■ Activity
Two lines in the listing below mark the span: one contains "商品相册:齐心(COMIX)φ98mm圆形圆形速干印台/印泥/印泥盒 财务办公用品 红色" and one contains "Квартира с необычной". Reproduce both of them and everything between, exactly.

Given data Block Start

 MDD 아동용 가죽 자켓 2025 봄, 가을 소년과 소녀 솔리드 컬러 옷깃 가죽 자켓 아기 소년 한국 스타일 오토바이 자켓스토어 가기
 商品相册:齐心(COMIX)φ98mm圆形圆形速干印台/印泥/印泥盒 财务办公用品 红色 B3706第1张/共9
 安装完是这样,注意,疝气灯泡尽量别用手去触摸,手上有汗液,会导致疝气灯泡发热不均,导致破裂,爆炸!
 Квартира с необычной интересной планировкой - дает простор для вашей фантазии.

Given data Block End
Given data Block Start

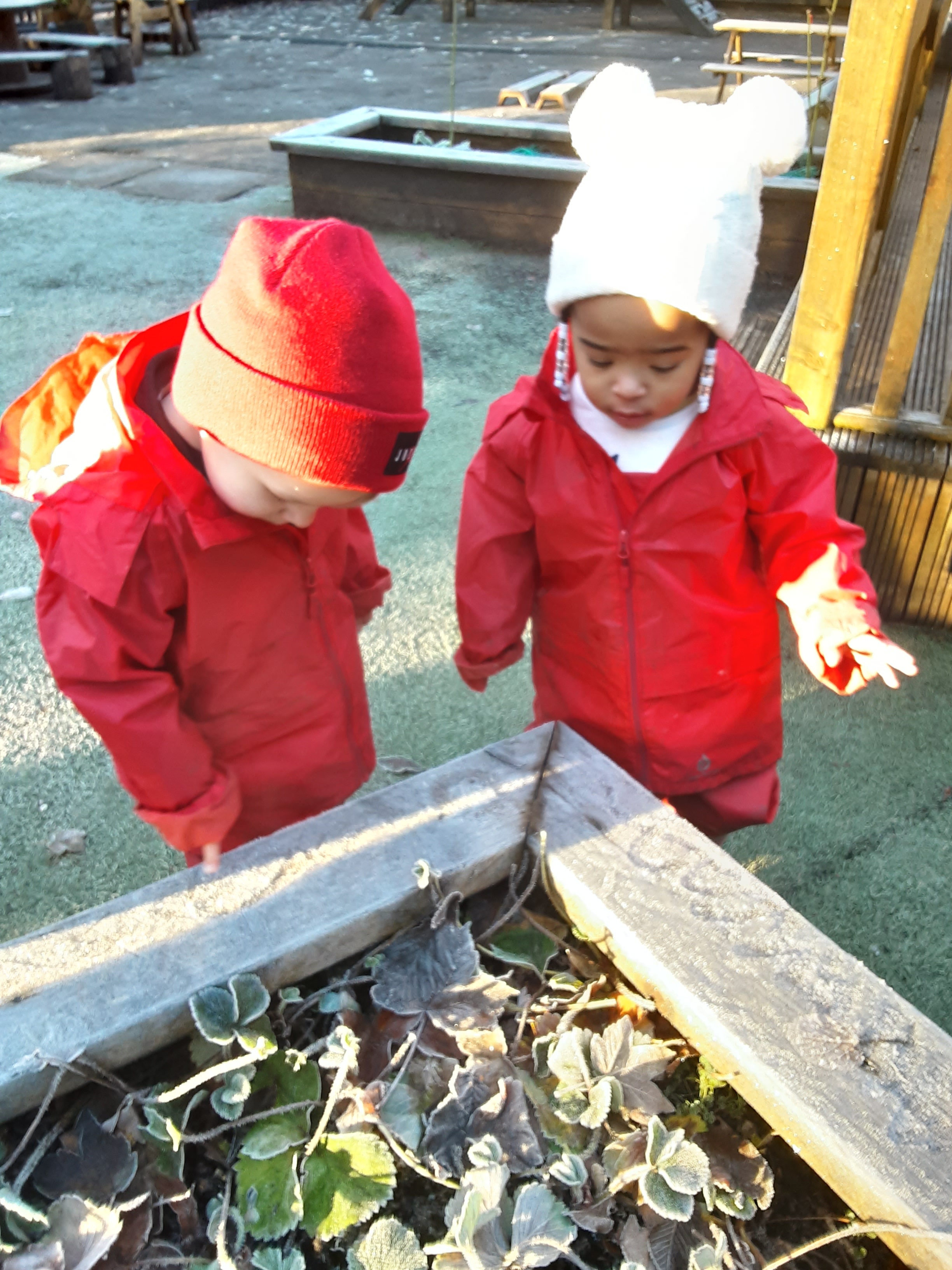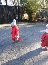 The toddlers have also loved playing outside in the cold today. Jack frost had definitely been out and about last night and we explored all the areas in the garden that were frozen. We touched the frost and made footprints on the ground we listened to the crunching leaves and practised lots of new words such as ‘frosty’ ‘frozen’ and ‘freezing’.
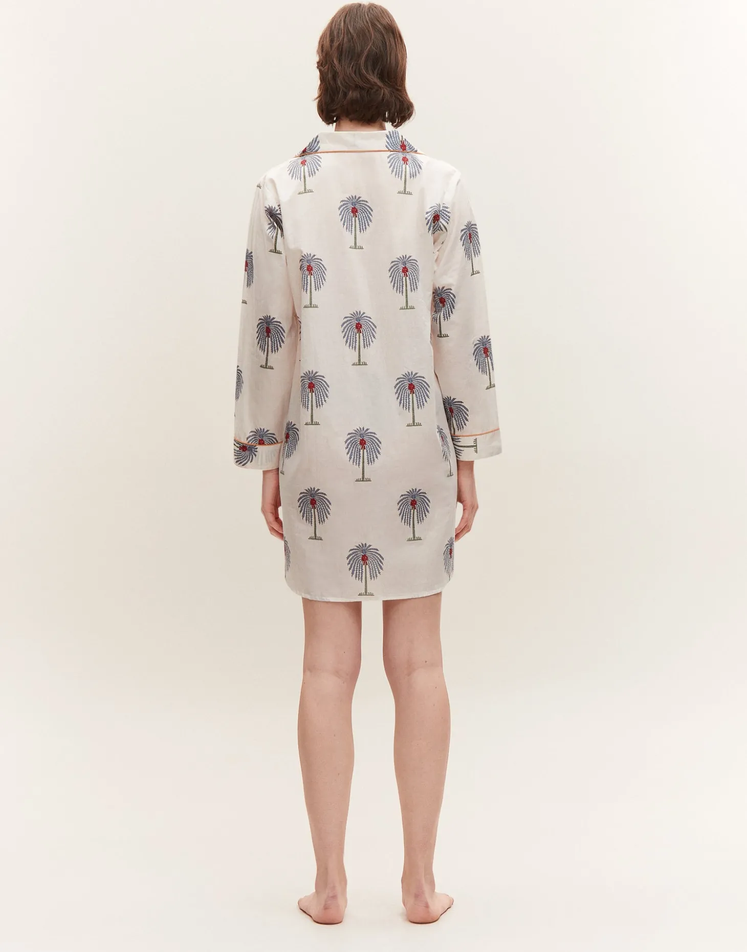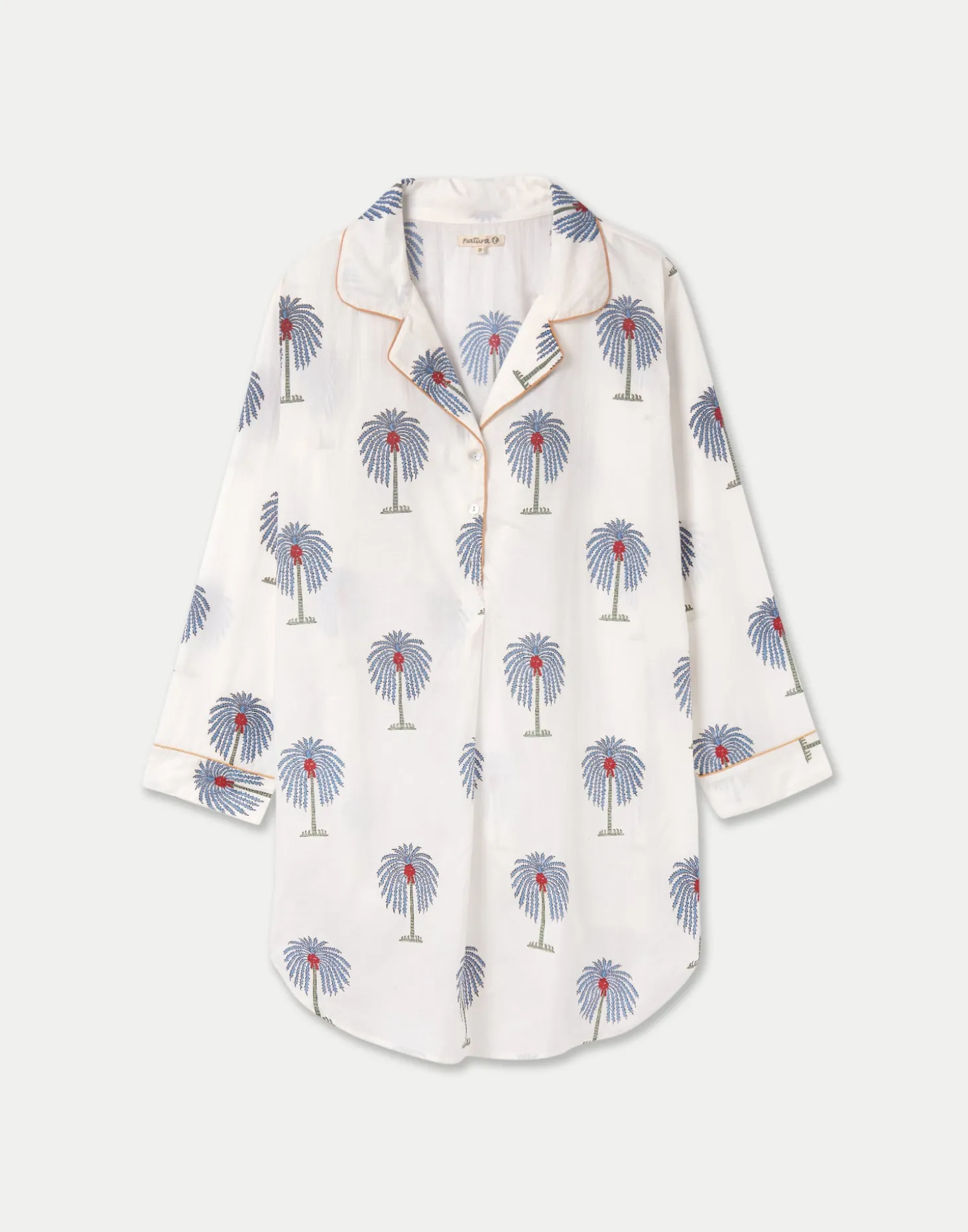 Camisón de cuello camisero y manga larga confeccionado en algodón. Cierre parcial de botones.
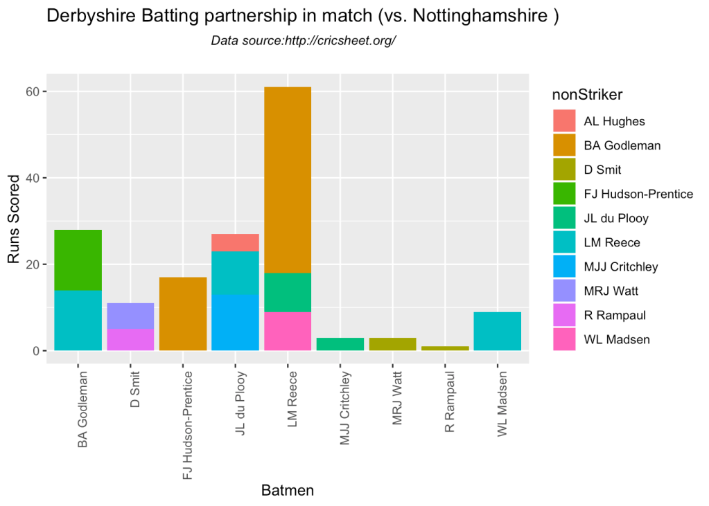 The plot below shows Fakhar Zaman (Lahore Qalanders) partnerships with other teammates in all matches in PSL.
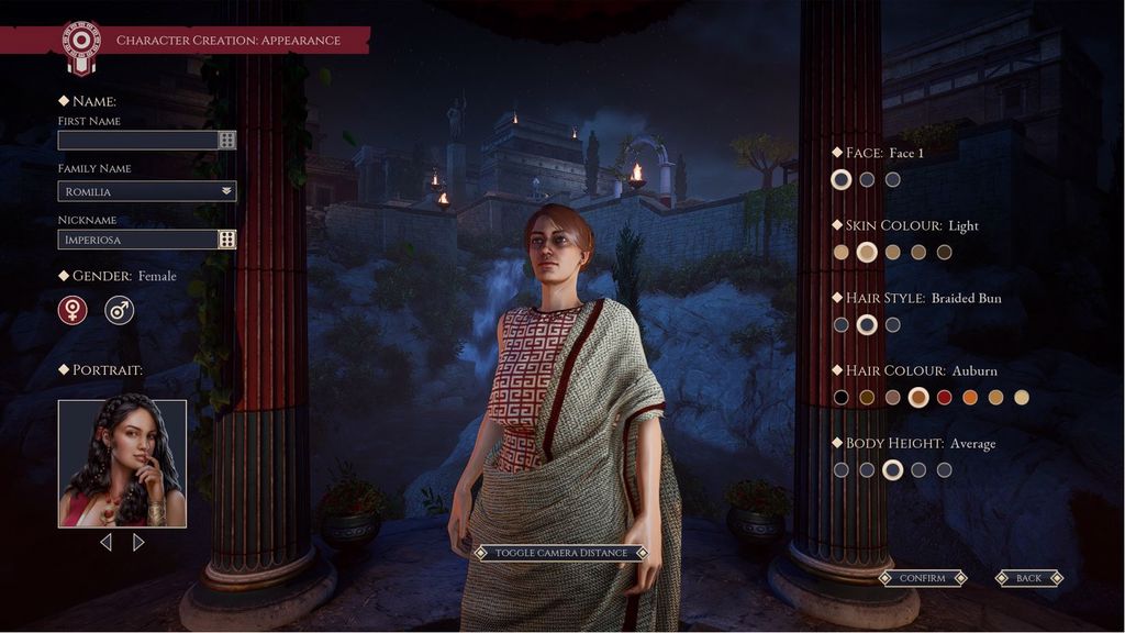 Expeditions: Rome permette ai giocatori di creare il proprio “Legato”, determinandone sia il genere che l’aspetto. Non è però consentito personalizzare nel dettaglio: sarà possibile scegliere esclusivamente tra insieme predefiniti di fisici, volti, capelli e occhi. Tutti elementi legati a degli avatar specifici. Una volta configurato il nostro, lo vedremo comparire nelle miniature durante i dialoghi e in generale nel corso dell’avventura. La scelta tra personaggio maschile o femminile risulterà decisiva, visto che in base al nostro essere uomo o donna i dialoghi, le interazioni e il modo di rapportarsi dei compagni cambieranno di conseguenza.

Given data Block End

■ Reply
 商品相册:齐心(COMIX)φ98mm圆形圆形速干印台/印泥/印泥盒 财务办公用品 红色 B3706第1张/共9
 安装完是这样,注意,疝气灯泡尽量别用手去触摸,手上有汗液,会导致疝气灯泡发热不均,导致破裂,爆炸!
 Квартира с необычной интересной планировкой - дает простор для вашей фантазии.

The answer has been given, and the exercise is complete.